__About this task__.
In the entries below, begin at the line with "A BarSoft rendszere" and stop after the line with "Счастливая молодая пара делает ремонт"; output those lines exactly and omit the pictures.

Data excerpts:
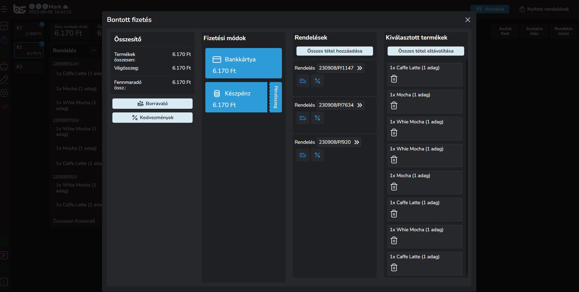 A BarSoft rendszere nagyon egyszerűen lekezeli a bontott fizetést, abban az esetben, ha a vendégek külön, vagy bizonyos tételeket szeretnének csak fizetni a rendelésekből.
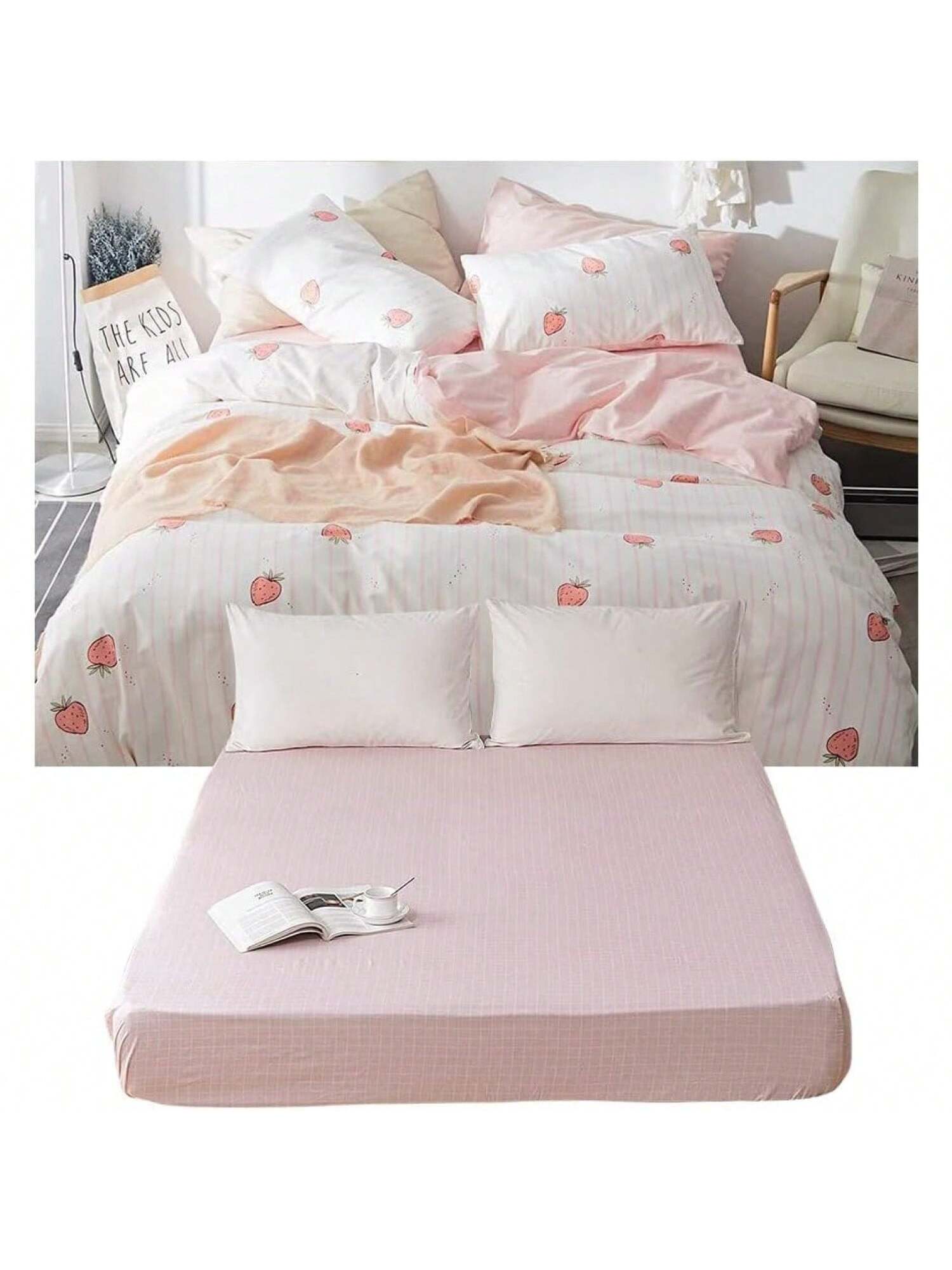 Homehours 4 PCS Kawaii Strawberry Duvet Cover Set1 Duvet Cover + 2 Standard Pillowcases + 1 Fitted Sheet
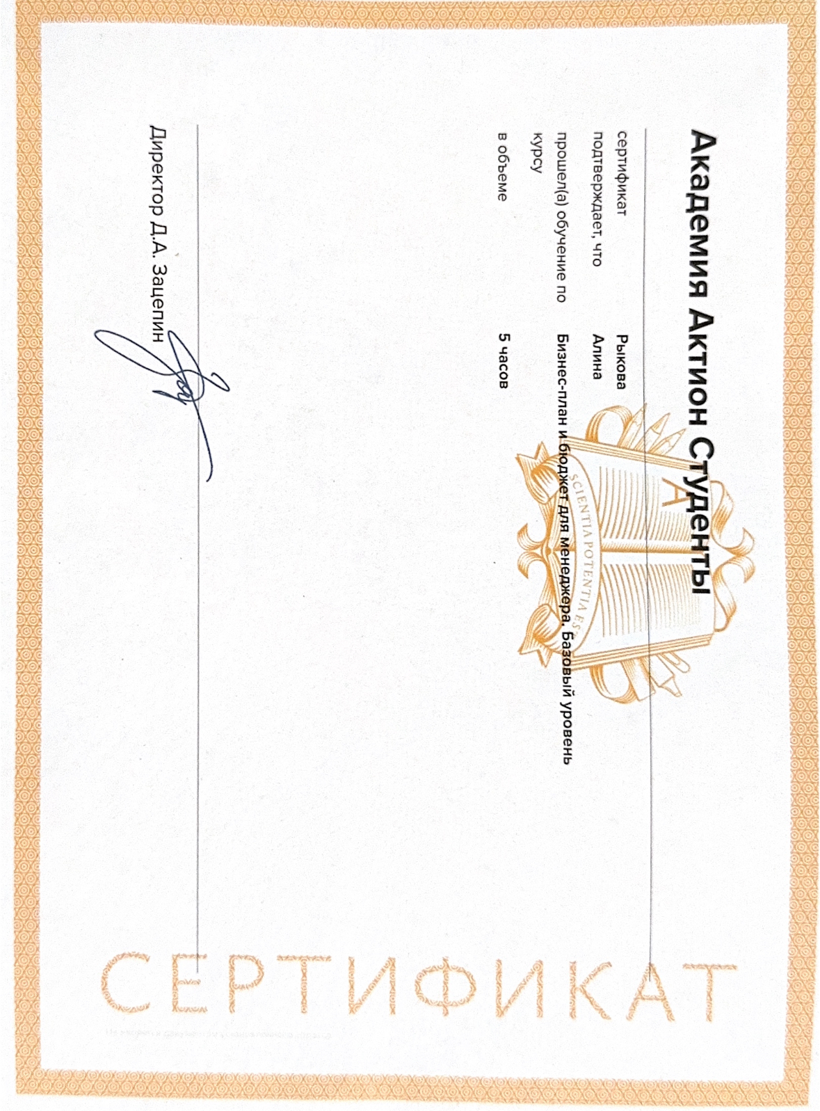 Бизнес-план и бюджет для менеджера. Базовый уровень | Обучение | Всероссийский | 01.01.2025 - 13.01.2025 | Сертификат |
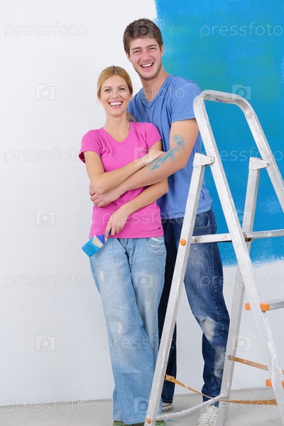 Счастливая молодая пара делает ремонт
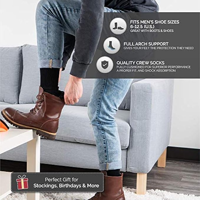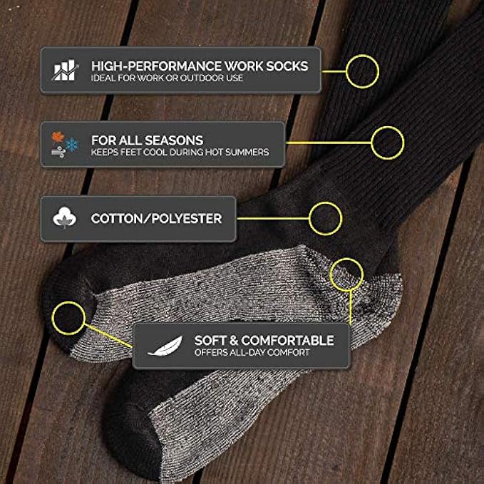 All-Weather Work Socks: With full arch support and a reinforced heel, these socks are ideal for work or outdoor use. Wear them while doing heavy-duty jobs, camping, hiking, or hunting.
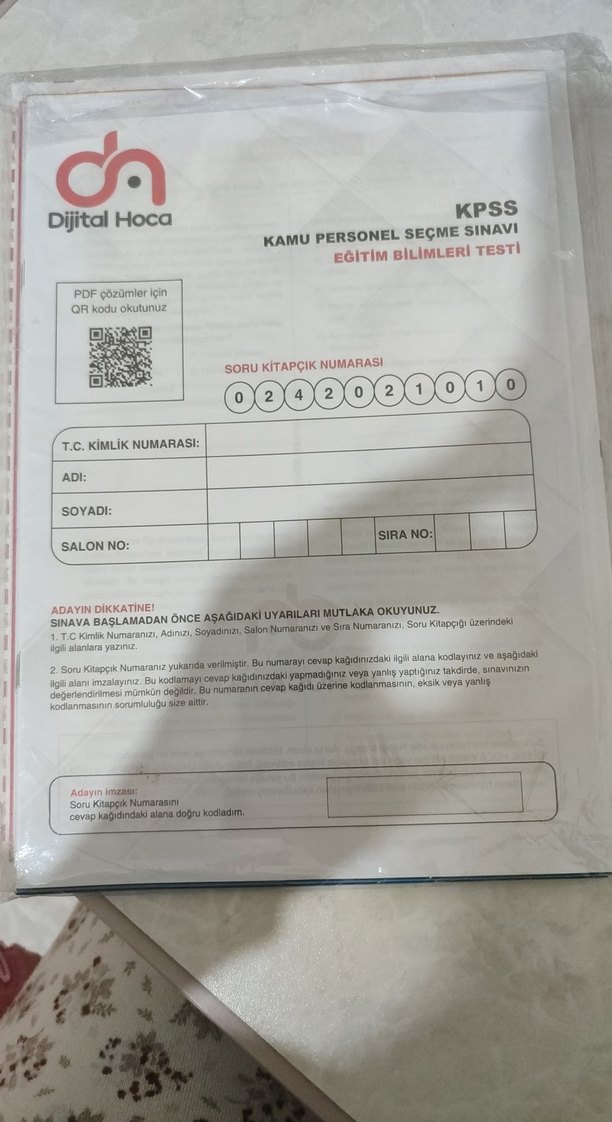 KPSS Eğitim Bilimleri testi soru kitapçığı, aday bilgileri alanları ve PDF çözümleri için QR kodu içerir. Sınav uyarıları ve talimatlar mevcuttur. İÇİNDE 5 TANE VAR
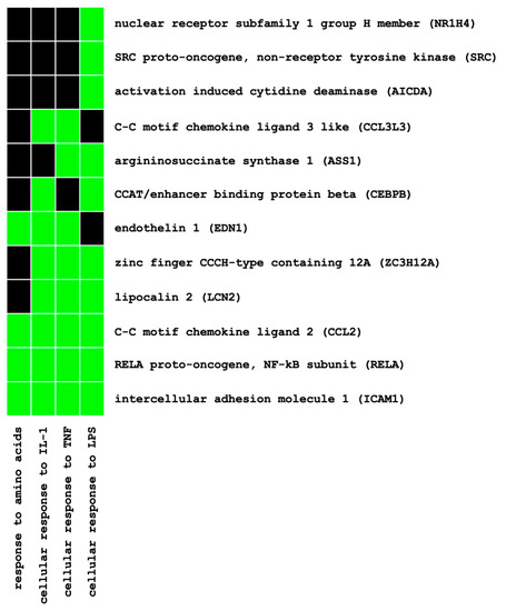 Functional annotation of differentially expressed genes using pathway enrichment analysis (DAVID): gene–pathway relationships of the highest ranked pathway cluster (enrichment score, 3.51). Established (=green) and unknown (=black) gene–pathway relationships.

==

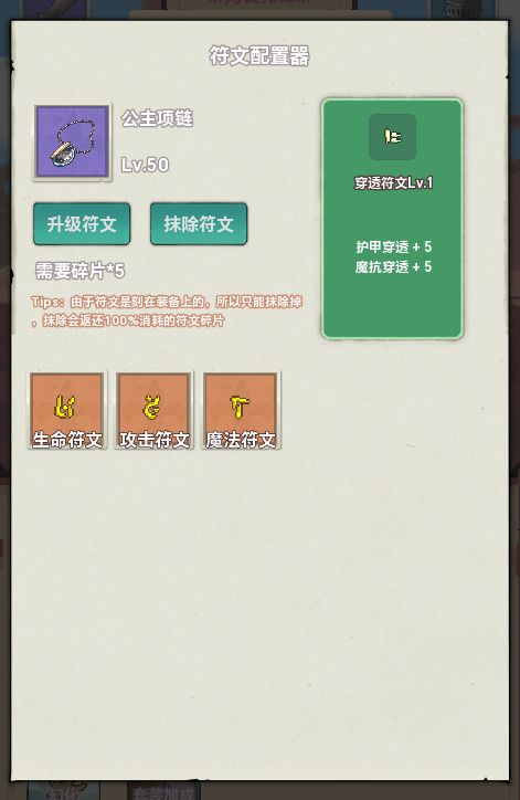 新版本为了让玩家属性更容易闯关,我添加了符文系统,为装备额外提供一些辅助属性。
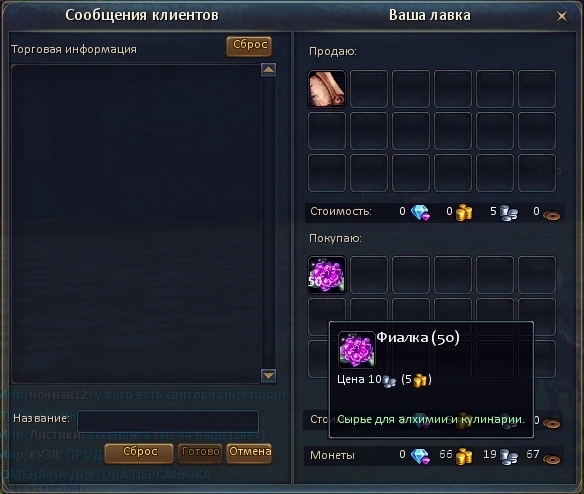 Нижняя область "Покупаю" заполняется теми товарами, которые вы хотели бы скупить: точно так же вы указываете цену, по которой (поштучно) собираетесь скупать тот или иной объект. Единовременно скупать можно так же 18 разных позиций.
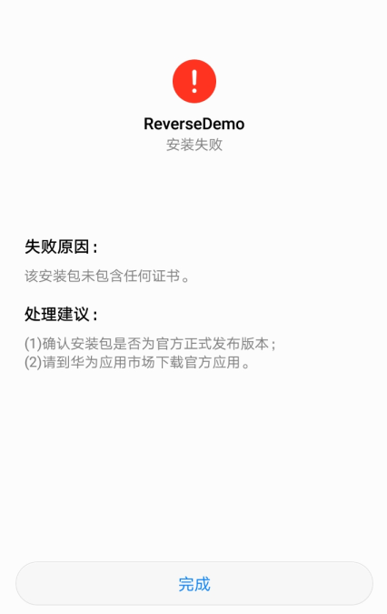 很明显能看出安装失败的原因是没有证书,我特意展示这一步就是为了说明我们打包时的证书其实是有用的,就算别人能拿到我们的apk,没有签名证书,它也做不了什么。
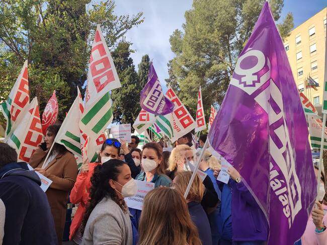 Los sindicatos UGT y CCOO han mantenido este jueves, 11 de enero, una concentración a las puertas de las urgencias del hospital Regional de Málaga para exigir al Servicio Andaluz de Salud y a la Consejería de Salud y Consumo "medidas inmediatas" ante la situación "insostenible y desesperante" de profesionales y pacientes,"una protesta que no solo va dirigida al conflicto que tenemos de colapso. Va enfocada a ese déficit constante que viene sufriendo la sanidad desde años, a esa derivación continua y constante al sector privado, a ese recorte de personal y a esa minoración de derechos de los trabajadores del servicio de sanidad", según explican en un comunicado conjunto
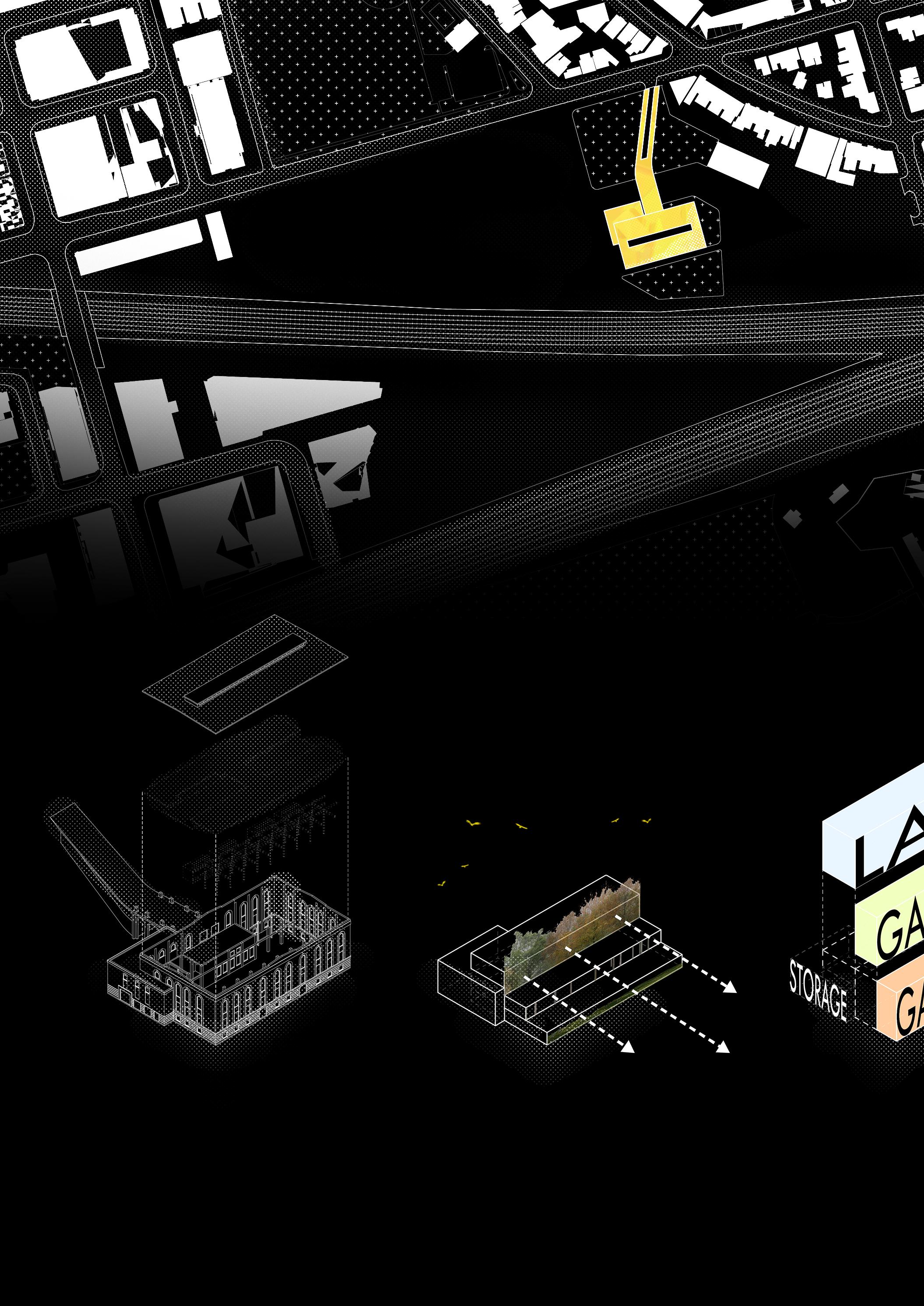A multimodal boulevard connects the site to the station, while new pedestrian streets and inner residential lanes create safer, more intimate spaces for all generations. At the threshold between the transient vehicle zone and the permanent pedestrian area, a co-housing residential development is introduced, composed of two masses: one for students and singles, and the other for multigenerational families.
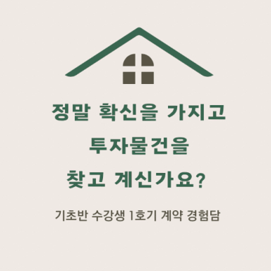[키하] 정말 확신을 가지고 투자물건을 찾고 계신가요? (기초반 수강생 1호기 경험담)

__Your response__.
 A BarSoft rendszere nagyon egyszerűen lekezeli a bontott fizetést, abban az esetben, ha a vendégek külön, vagy bizonyos tételeket szeretnének csak fizetni a rendelésekből.
 Homehours 4 PCS Kawaii Strawberry Duvet Cover Set1 Duvet Cover + 2 Standard Pillowcases + 1 Fitted Sheet
 Бизнес-план и бюджет для менеджера. Базовый уровень | Обучение | Всероссийский | 01.01.2025 - 13.01.2025 | Сертификат |
 Счастливая молодая пара делает ремонт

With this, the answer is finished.